Just as much as it is trying to be a giallo murder mystery, Murder in an Etruscan Cemetery also falls into being one of the works of occult giallo that Dario Argento created with Suspiria (1977). These feature the same extravagant deaths but where the explanation is occult or supernatural as opposed to a lurking killer. That said, Murder in an Etruscan Cemetery never does much with the supernatural/occult side of the story. There are flashbacks to the original Etruscan cultists throughout. A wall painting is uncovered in the tomb amid talk about how the high priestesses would reincarnate through successive bodies – a resemblance between Elvire Audrey and a wall painting of a priestess is noted with speculation that she might be one of the reincarnated priestesses. That said, this side of things never goes anywhere and the resolution of the story involves a regular giallo-styled unveiling of the activities of a mundane killer.

Etruscan cultists conduct a sacrifice in Murder in an Etruscan Cemetery (1982)
Etruscan cultists conduct a sacrifice

Murder in an Etruscan Cemetery is dull. Sergio Martino lacks any directorial style. He invests mothing in any of the murder set-pieces – in fact, seems largely disinterested in these. The film also suffers from the casting of frosted blonde heroine Elvire Audray who seems impeccably made up but lacking in anything approaching expression.

I was supposedly watching a restored dvd print. However, it came with dubbed English voices as opposed to being a transfer/restoration of the original Italian language version. Moreover, it feels as though somebody has simply transferred a poor VHS copy and had done nothing to tidy up the grainy footage.

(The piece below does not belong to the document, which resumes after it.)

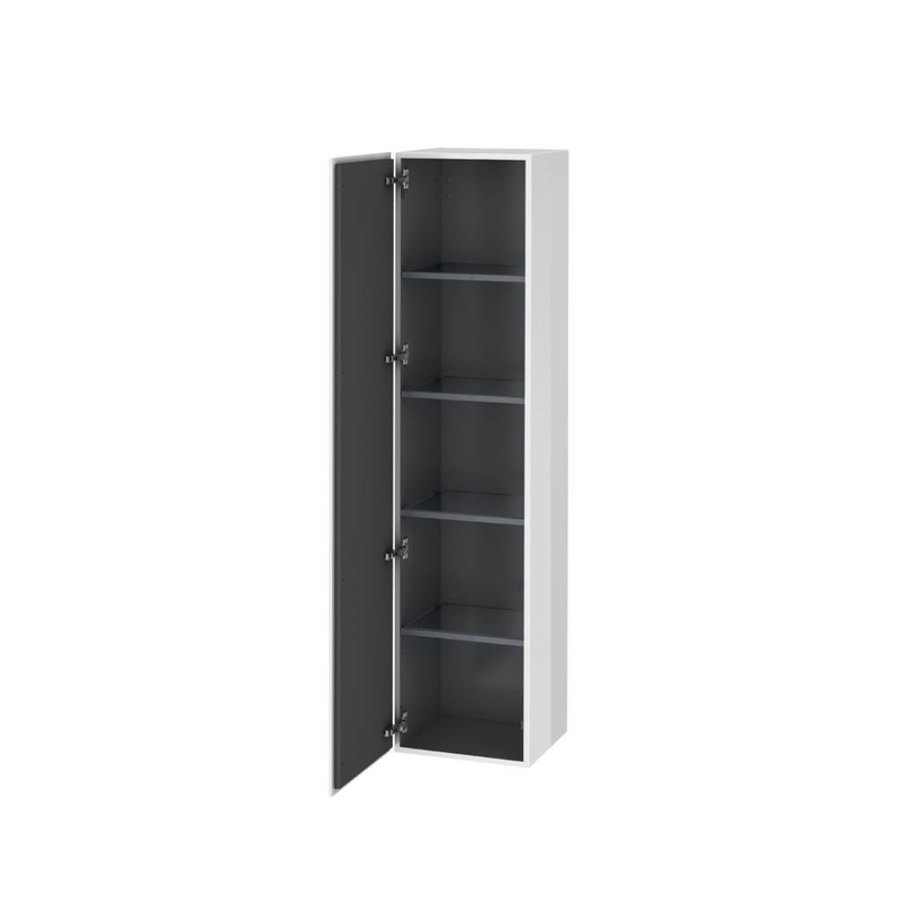Högskåp L-Cube från Duravit är ett elegant högskåp med en dörr med integrerad greppkant. Invändigt har detta högskåp fyra glashyllor med infästning i aluminium. Skåpet är vitt på utsidan med en högblank yta.

Sergio Martino was a veteran director in numerous genres of the Italian exploitation industry. He also made the genre likes of:- the giallo Blade of the Ripper (1971), They’re Coming to Get You (1972) about Satanists, the giallo Torso/The Body Bears Traces of Carnal Violence (1973), the cannibal film Slave of the Cannibal God/Prisoner of the Cannibal God (1978), The Great Alligator (1979), Isle of the Fishmen/Screamers (1981), the post-holocaust film 2019: After the Fall of New York (1983); the killer cyborg film Hands of Steel (1986); the action/psycho/fantasy film American Rickshaw (1989); and the giallo Mozart is a Murderer (1999), as well as wrote Devilfish/Devouring Waves/Monster Shark/Red Ocean (1984).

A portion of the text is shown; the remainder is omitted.